Syntheses and Characterization of the First Cycloheptatrienyl Transition-Metal Complexes with a M-CF₃ Bond

Abstract

The organometallic chemistry of metal complexes with organocyclic ligands of higher than five hapticity is much more lacking than the chemistry of metal complexes with η⁵-cyclopentadienyl ligands, which has been explored in considerable depth, resulting in novel advances. The main reason for this is stability. In particular, reports indicate that (η⁷-C₇H₇)ML_n complexes are considerably less stable than analogous (η⁵-C₅H₅)ML_n. In perfluoroalkyl metal chemistry, there is currently no reported (η⁷-C₇H₇)ML_n derivative, whereas a number of alkylated ones are known and important conclusions have been drawn about their stability. Responding to this void, and using Morrison’s trifluoromethylating reagent, the present study reports the synthesis and characterization of the first cycloheptatrienyl molybdenum complexes bearing the trifluoromethyl moiety; (η⁷-C₇H₇)Mo(CO)₂CF₃ (I), and (η⁷-C₇H₇)Mo(CO)(PMe₃)CF₃ (II) and discusses their low thermal instability.

1. Introduction

The interest in the chemistry of the trifluoromethyl group is both theoretical and industrial as the demand for compounds containing CF₃ moieties is high due to their applications in advanced materials, pharmaceuticals, agrochemicals, fluorous chemistry, and medicine [1,2]. In organometallic chemistry, despite the interest, the number of transition metal complexes bearing perfluoroalkyl ligands is small. This is especially evident if their number is compared with the that of the alkyl counterparts [3]. The plethora of known alkylated transition metal complexes and the efficiency of their preparation methods has made possible several extremely important advances in both theoretical and practical application chemistry of the C-H bond, with most notable being the study of C-H activation using transition metal catalysts [4,5]. Parallel to this, similar advances in the perfluoroalkyl chemistry could be envisioned with establishing efficient routes for transition metal alkylated complexes [6,7].

With a focus on the trifluoromethyl group, the most important of fluorocarbons, we set out to explore the synthesis and characterization of trifluoromethylated metal complexes with the metal having hapticity greater than five. It is well known that systems of (η⁵-C₅H₅)ML_n (M = transition metal, L_n = n-ligands) are ubiquitous in organometallic chemistry and as reports suggest of much higher stability than analogous systems with carbocyclic ligands of with higher hapticity, such as (η⁷-C₇H₇)ML_n [8]. An illustrative example is the (η⁷-C₇H₇)Mo(CO)₂CH₃, which chromatography is at −78 °C for its isolation, and it is reported to rapidly decompose even under inert atmosphere at ambient temperature [9]. In contrast to this, the complex (η⁷-C₅H₅)Mo(CO)₃CH₃ is indefinitely air stable and melts at 145 °C without decomposition [10,11].

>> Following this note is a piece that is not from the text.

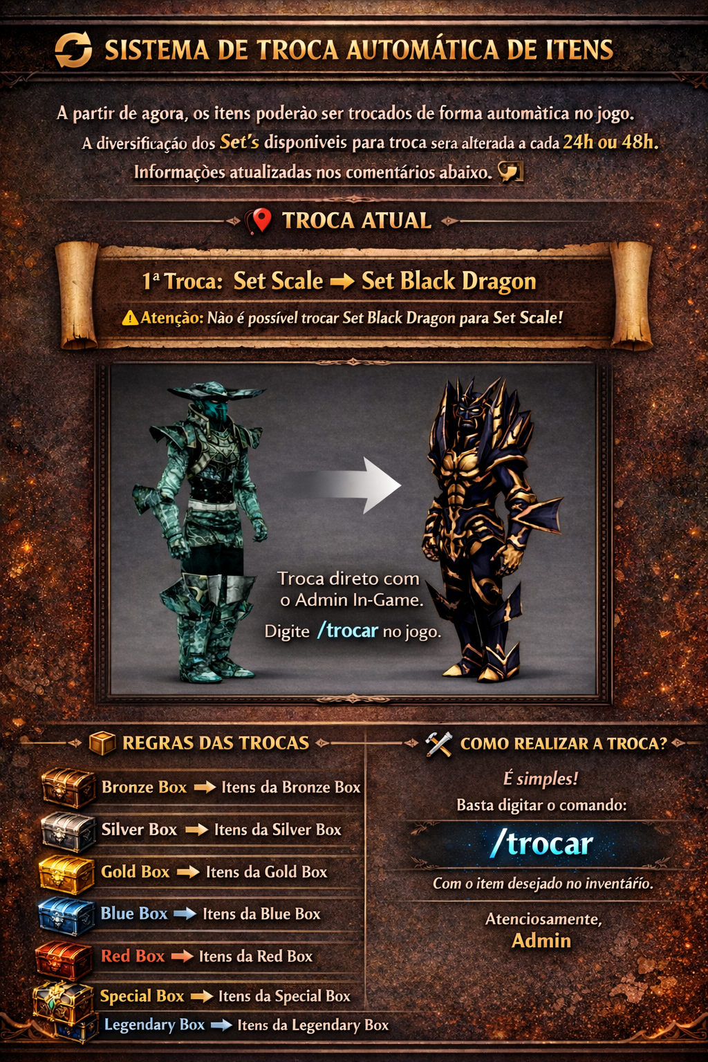 Observação: Cada parte só é trocada pela mesma parte! Somente itens Full +0 direto que dropa da box, se tiver +1 +2 não vai funcionar...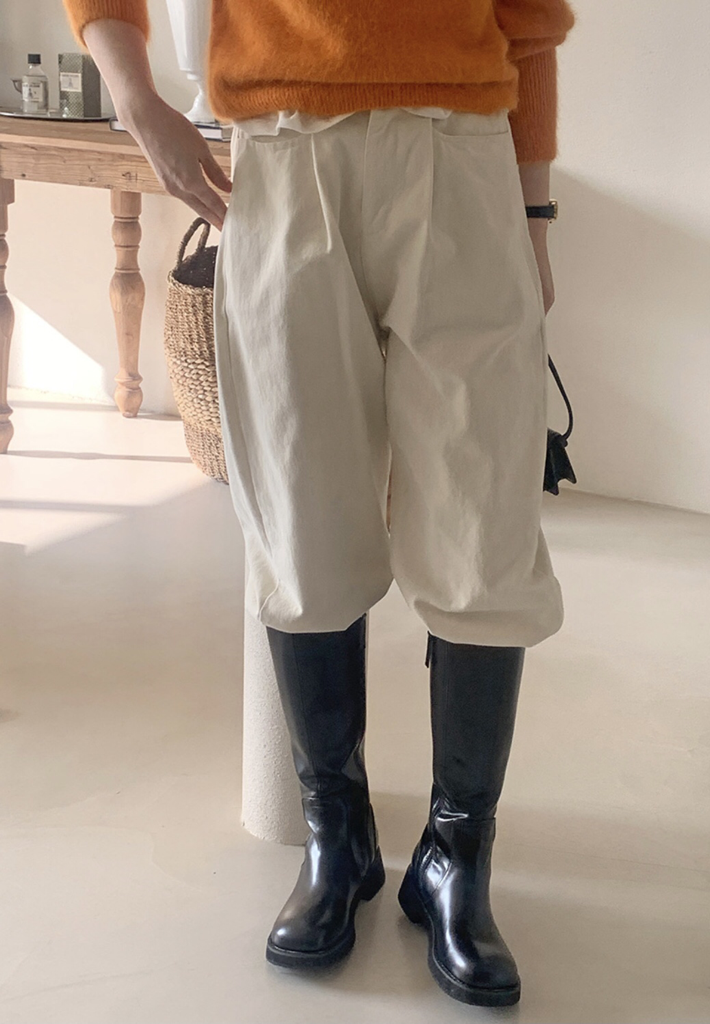品名:모모 핀턱 반밴딩 PT ◎※☞颜色:네이비, 베이지, 아이보리, 차콜 ◎※☞尺寸:FREE ◎※☞材质:纯棉 100% 翻译

Trifluoromethyl metal complexes are predicted to be more stable than their methylated counterparts. as the back donation from the π* orbital increases the strength to the metal to carbon bond [3]. Considering this fact, as well as the intriguing instability of the reported methylated η⁷-cycloheptatrienyl complexes, we set out to explore the synthesis and stability of analogous trifluoromethylated species. As a result, we report herein the synthesis and characterization of the first η⁷-cycloheptatrienlyl trifluoromethyl molybdenum complexes, (η⁷-C₇H₇)Mo(CO)₂CF₃ (I) and (η⁷--C₇H₇)Mo(CO)(PMe₃)CF₃ (II). As we will describe, the two new complexes are of extreme thermal instability, a fact that necessitates the use of low temperature chromatography for their purification.

2. Results

Upon choosing (η⁷-C₇H₇)Mo(CO)₂I as the precursor for the trifluoromethylation reaction, this was initially reacted with a number of nucleophilic trifluoromethylating reagents, including CF₃I/Cu in DMF, which is known to generate CuCF₃ in situ [12], and (CH₃)₃SiCF₃/AgF, which is known to generate AgCF₃ in situ [13], at ambient and elevated temperatures; however, no formation of a Mo-CF₃ bond was observed, as monitored by ¹⁹F NMR spectroscopy. In a reaction maintained at −20 °C between (η⁷-C₇H₇)Mo(CO)₂I, and Morrison’ reagent, Cd(CF₃)₂(DME), (DME = dimethoxyethane), a resonance at δ −0.2 ppm, indicative of a Mo-CF₃ bond, slowly appeared in the ¹⁹F NMR spectrum. However, the yield of the product as it was measured in respect to an C₆H₅CF₃ internal standard, was less than 5%. As the reaction progressed, the product peak along with the one of Cd(CF₃)₂(DME), (δ = −37.0 ppm, ²J_F-Cd(111) = 454 Hz, ²J_F-Cd(113) = 472 Hz), disappeared, giving rise to resonances at δ = −80.0 ppm assigned to CF₃H (²J_F-H = 78 Hz), and δ = −134.9 ppm, assigned to C₂F₄, indicating decomposition. The reaction yield was 10%, which was subsequently improved, albeit not significantly, when carefully dried CuBr was added to the reaction mixture (Scheme 1). Attempts to isolate the new (η⁷-C₇H₇)Mo(CO)₂CF₃ (I) with ambient temperature workup failed, and finally complex I was obtained at 17% yield by purification at −20 °C. Complex I is stable under inert atmosphere for a few minutes. It also decomposes rapidly when in solution at temperatures higher than −20 °C.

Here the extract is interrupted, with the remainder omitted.